- Task goal
In the records that come next, find every line with "教育課題別研究". Return those lines.

Stored records

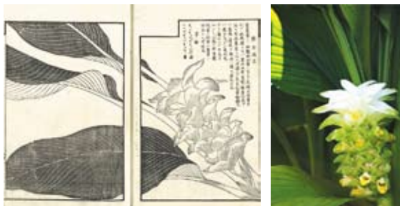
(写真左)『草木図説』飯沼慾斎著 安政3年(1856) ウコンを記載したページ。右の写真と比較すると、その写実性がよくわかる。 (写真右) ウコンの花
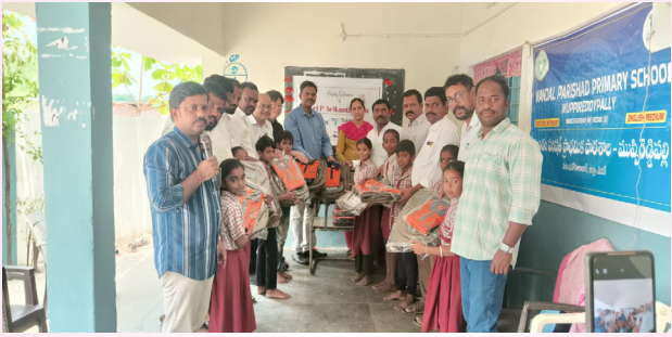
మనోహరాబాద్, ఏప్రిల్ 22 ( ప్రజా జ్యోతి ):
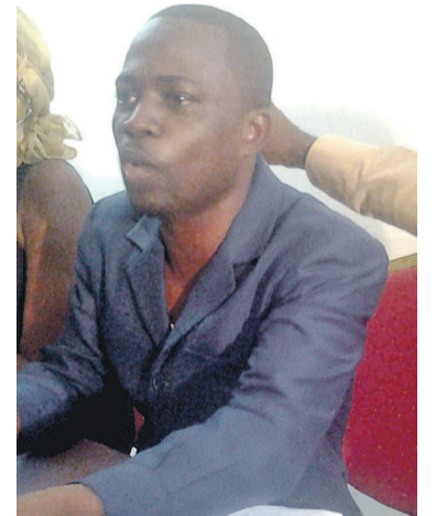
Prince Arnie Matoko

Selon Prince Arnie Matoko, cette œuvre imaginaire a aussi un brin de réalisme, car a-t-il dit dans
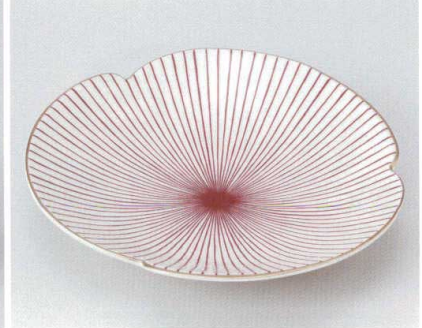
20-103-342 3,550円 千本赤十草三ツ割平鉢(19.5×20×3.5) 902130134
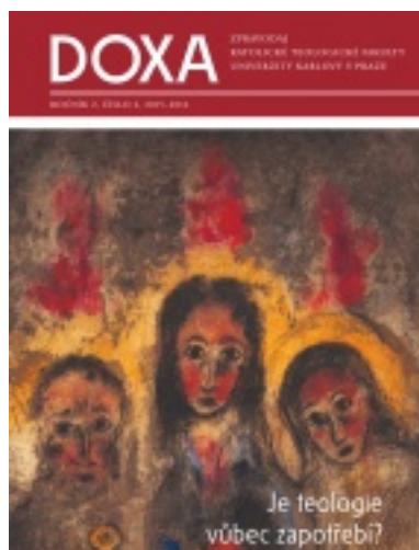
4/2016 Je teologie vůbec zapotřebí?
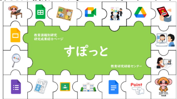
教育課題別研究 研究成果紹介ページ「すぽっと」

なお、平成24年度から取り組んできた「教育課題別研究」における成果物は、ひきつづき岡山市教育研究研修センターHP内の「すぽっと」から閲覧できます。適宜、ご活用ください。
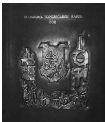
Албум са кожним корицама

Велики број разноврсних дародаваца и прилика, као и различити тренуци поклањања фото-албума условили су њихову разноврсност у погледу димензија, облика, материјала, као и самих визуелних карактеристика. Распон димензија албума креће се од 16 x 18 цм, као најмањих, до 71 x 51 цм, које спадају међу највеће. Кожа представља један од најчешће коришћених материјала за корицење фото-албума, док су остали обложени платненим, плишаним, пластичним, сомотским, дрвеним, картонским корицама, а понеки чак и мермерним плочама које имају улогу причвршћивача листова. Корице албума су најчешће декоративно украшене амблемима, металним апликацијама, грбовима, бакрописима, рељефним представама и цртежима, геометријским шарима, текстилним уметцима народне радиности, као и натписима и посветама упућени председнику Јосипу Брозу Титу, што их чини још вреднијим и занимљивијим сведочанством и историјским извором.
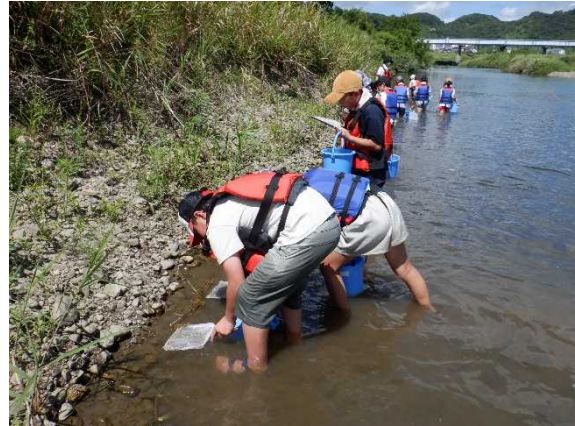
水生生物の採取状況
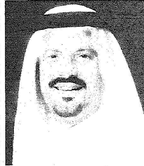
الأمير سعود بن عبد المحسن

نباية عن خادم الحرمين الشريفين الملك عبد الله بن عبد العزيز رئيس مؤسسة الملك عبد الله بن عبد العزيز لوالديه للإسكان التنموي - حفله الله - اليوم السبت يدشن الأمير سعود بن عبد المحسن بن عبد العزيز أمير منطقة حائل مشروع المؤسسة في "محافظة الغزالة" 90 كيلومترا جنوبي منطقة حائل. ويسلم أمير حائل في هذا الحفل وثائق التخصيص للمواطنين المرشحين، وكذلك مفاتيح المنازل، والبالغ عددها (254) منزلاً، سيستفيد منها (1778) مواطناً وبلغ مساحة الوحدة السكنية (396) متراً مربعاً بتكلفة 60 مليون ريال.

- Your response
教育課題別研究 研究成果紹介ページ「すぽっと」
なお、平成24年度から取り組んできた「教育課題別研究」における成果物は、ひきつづき岡山市教育研究研修センターHP内の「すぽっと」から閲覧できます。適宜、ご活用ください。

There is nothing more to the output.